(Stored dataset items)

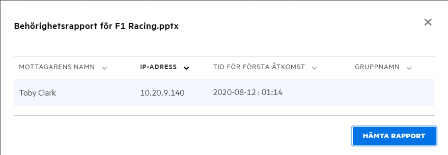 Rapporten innehåller åtkomstinformation för mottagarna, däribland vem som har använt filen, IP-adressen för den dator som filen användes med samt datum och tid för filåtkomsten. Du kan hämta en PDF-version av rapporten genom att klicka på Hämta rapport.
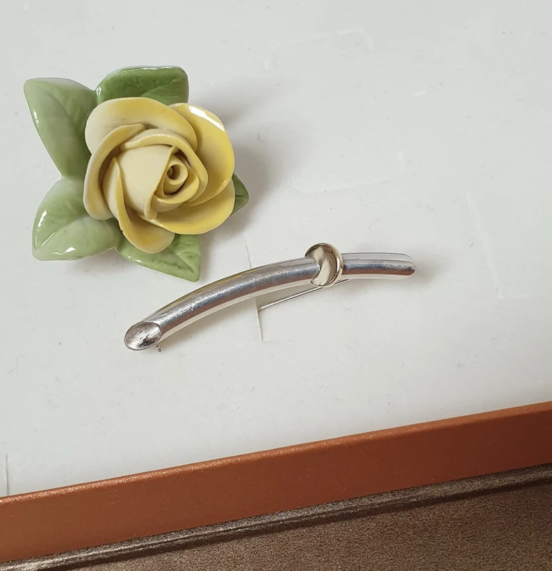 Designer Brosche / Anstecknadel Silber 925, mit einem vergoldeten Element verziert.
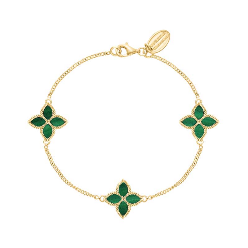 9ct Yellow Gold Malachite Eden Marquise Flower Bracelet
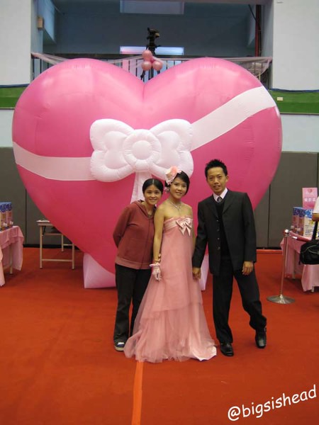 大家都搶著要跟粉紅大愛心合照呢!
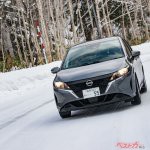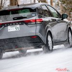 こういった状況でスタッドレスタイヤのテストを行うと、案外タイヤのパターンが大きな要因になったりする。タイヤテストとしちゃ楽しいし、絵柄も派手な横滑りになったりするなど映えるけれど、優れたスタッドレスタイヤかどうかの判断基準にはならない。圧雪はけっこうグリップがよく、テストコースだと180km/hのリミッターに当たることも。
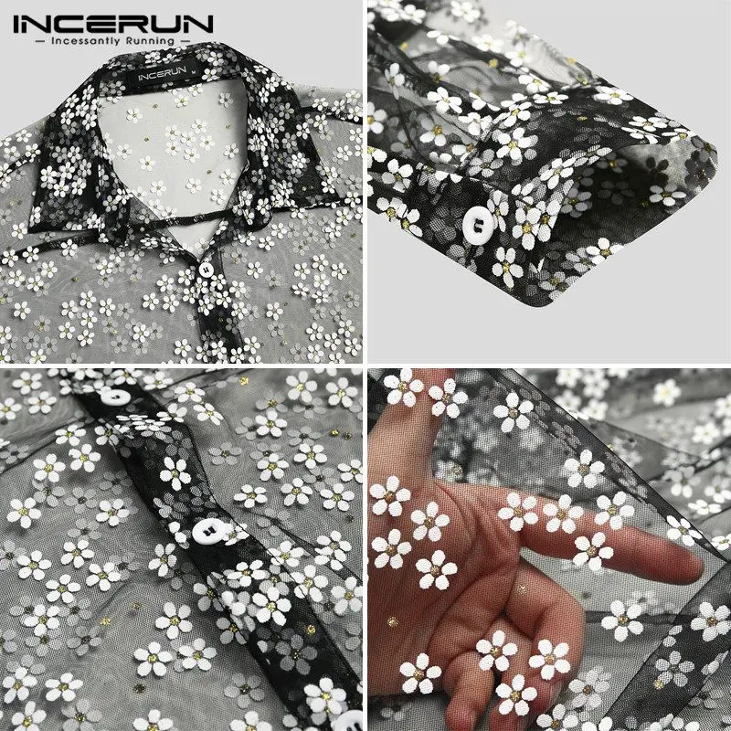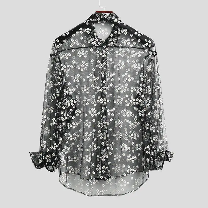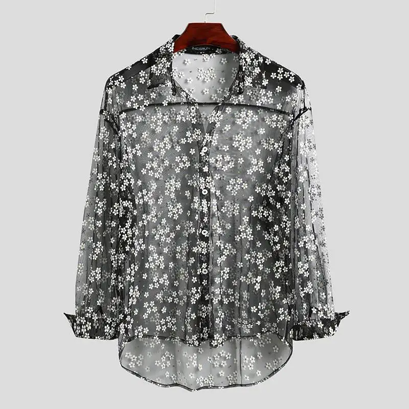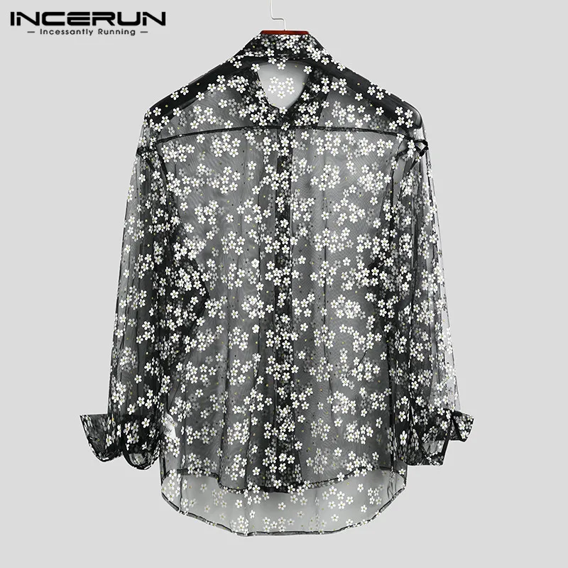 Модная мужская сетчатая рубашка, прозрачная свободная уличная блузка с длинным рукавом и принтом, вечерние блузки, Клубная одежда, повседневная одежда, Casmia, INCERUN
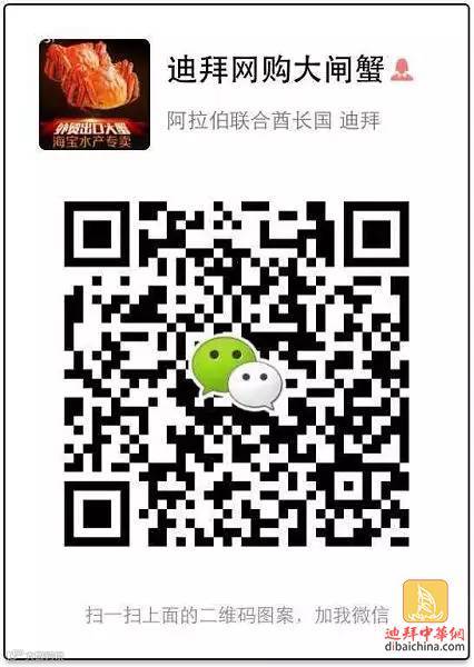 扫描二维码添加微信号 – “迪拜网购大闸蟹”发送预定信息及地址,即可享受免费送蟹上门服务。
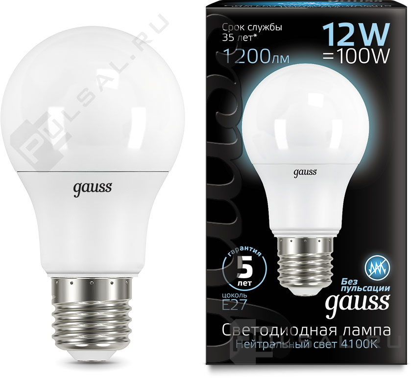 Elementary, цоколь - E27, мощность - 12Вт, световой поток - 1150Лм, цветовая температура - 4100К, не диммируется, 23222, Gauss
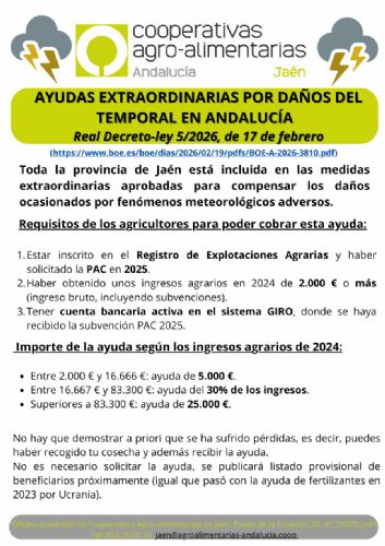 Os trasladamos una serie de observaciones que hemos recibido de Cooperativas Agro-alimentarias de Jaén.

[WORK INSTRUCTIONS]:
The reply should hold exactly the lines above, starting at the line with "Designer Brosche /" and ending at the line with "こういった状況でスタッドレス", and no pictures.

[TASK SOLUTION]:
 Designer Brosche / Anstecknadel Silber 925, mit einem vergoldeten Element verziert.
 9ct Yellow Gold Malachite Eden Marquise Flower Bracelet
 大家都搶著要跟粉紅大愛心合照呢!
 こういった状況でスタッドレスタイヤのテストを行うと、案外タイヤのパターンが大きな要因になったりする。タイヤテストとしちゃ楽しいし、絵柄も派手な横滑りになったりするなど映えるけれど、優れたスタッドレスタイヤかどうかの判断基準にはならない。圧雪はけっこうグリップがよく、テストコースだと180km/hのリミッターに当たることも。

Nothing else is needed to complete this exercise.